Here, in this version of events, Rembrandt lets a selfish fire start up in the hollow of her chest. She lets herself be horribly grateful for Ajax’s stubbornness, her rage, that after everything she’s still here. Here, with just the two of them, Rembrandt lets herself be lost in the swell of relief that, out of everyone, Ajax is still here.
“It doesn’t matter,” Rembrandt lies, “We can’t change it now. I’m here. You’re here.”
That, at least, Ajax seems to hear. “Okay,” she says, “I’m here.”
They kick her out eventually. Another officer sticks his head in and clears his throat meaningfully at Ajax, whose shoulders tense up like she’s thinking about fighting for five more minutes. “Don’t,” Rembrandt says, and this time Ajax listens to her.
They say goodbye, Rembrandt says, “Don’t get your ass thrown in solitary, I’m coming back to visit,” and Ajax laughs, which isn’t an agreement to behave but is as good as Rembrandt’s gonna get.
When she emerges from the warren of concrete tunnels into the waning daylight, Mercy is waiting for her.

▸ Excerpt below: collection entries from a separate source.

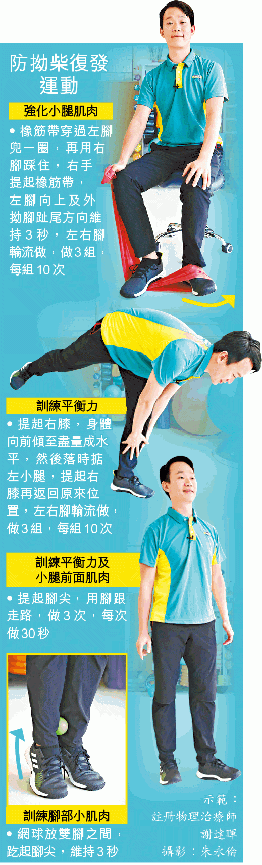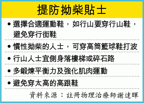 【本報訊】拗柴變得習以為常要小心,物理治療師表示,一般人容易忽略拉傷韌帶的一級拗柴,治理不當長遠可造成關節纖維化,影響活動能力,重複拗柴更可形成骨刺。多鍛煉平衡力、強化下肢肌肉,可預防拗柴復發。
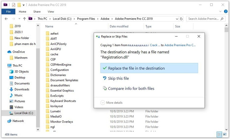 Vào thư mục Adobe Premiere Pro CC 2018 chạy file “amtlib.dll” để hoàn tất kích hoạt
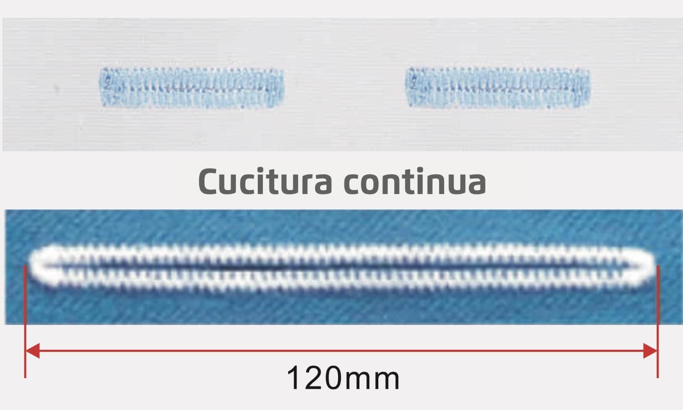 Il multitaglio permette di tagliare asole lunghe senza cambiare il coltello, mentre la cucitura continua permette di fare più asole di fila o asole da 120mm nel modello 1792.
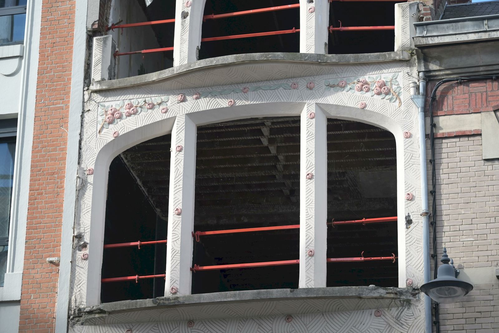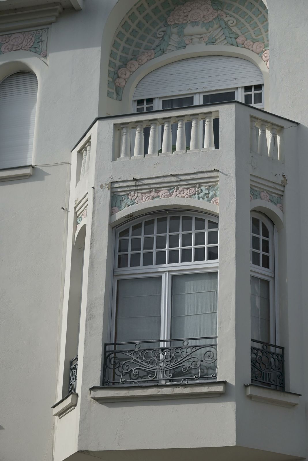 Le guide nous fait remarquer les roses stylisées des décors, les bow-windows, les fer forgés, les pas de moineaux des pignons.

She’s wearing a Warriors vest that Rembrandt recognizes from the patched tear in the shoulder as Swan’s, and she’s holding two umbrellas.
“You’re not supposed to wear that unless you’re on official business,” Rembrandt says while she accepts the umbrella.

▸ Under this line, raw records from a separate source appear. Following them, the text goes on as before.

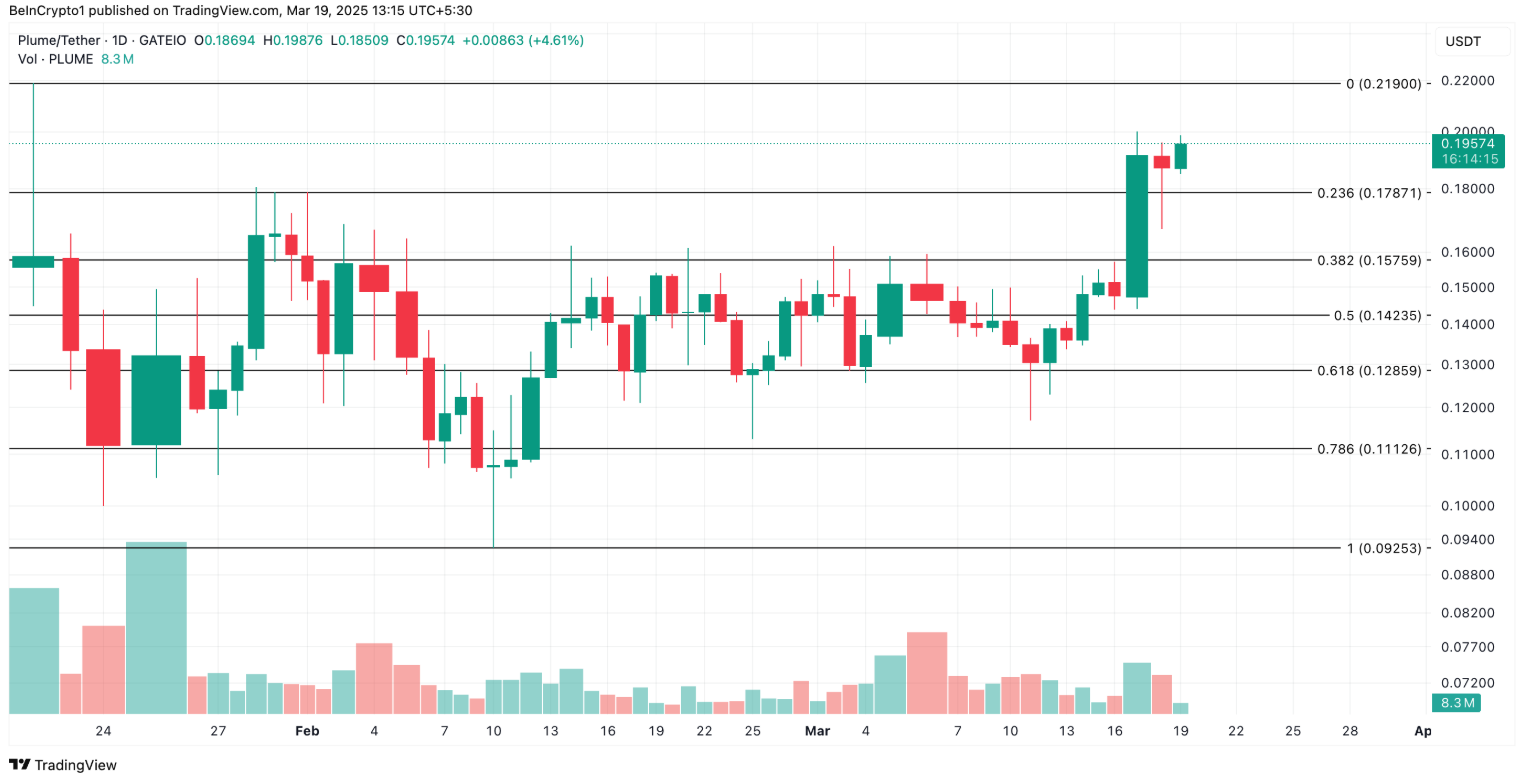 PLUME, una moneda perteneciente al ámbito de RWA, se encuentra entre las altcoins con mayor tendencia al alza hoy. Actualmente, PLUME se está negociando alrededor de $0,19, con un aumento del 12% en las últimas 24 horas.
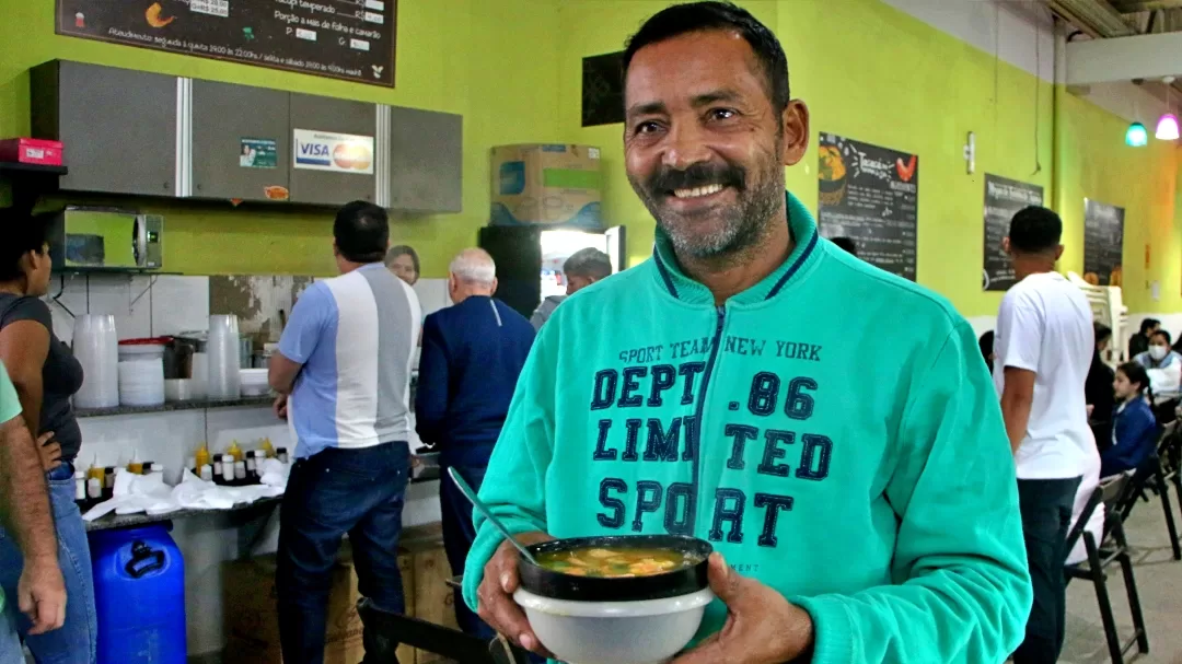 Na Praça da Revolução, os dois quiosques que vendem tacacá e rabada formam filas, mas disputam a atenção com moradores de rua e o frio. Mesas de plástico estão no local para reforçar a capacidade de atendimento.
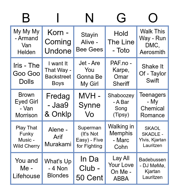 This bingo card has 35 words: Blur - Song 2, Uptown Funk - Mark Ronson, Bruno Mars, Gikk i bakken - Dårlig Vane, I want It That Way - Backstreet Boys, Superman (It's Not Easy) - Five for Fighting, Hold The Line - Toto, Iris - The Goo Goo Dolls, I Wanna Dance With Somebody - Whitney Houston, Jet - Are You Gonna Be My Girl, Total Eclipse of the Heart - Bonnie Tyler, Brown Eyed Girl - Van Morrison, Walk This Way - Run DMC, Aerosmith, Free!, Come Together - The Beatles, My My My - Armand Van Helden, Shaboozey - A Bar Song (Tipsy), Lay All Your Love On Me - ABBA, Fredag - Jaa9 & Onklp, Play That Funky Music - Wild Cherry, MVH - Synne Vo, Walking in Memphis - Marc Cohn, You and Me - Lifehouse, SKAOL SKADLE - Ylvis, Kjartan Lauritzen, What's Up - 4 Non Blondes, Stayin Alive - Bee Gees, Shake It Of - Taylor Swift, Badebussen - DJ MøMø, Kjartan Lauritzen, Situasjon - Ari Bajgora, PAF.no - Karpe, Omar Sheriff, Teenagers - My Chemical Romance, Svag - Victor Leksell, In Da Club - 50 Cent, Alene - Arif Murakami, Korn - Coming Undone and Balkong - Unge Ferrari / Stig Brenner.

Mercy grins. “I am on official business,” she says proudly. “First ever mission: make sure you get home safe.”
“I don’t need a fuckin’ babysitter,” Rembrandt complains as Mercy turns to lead her towards the subway.
Mercy just hums to herself as she walks. She’s walking taller already. Having a purpose is good for her. Rembrandt looks back over her shoulder at the harsh stone lines of the prison. Adjusts her grip on the umbrella. Breathe in, breathe out. “Okay, Mercy, wait up. I’m coming.”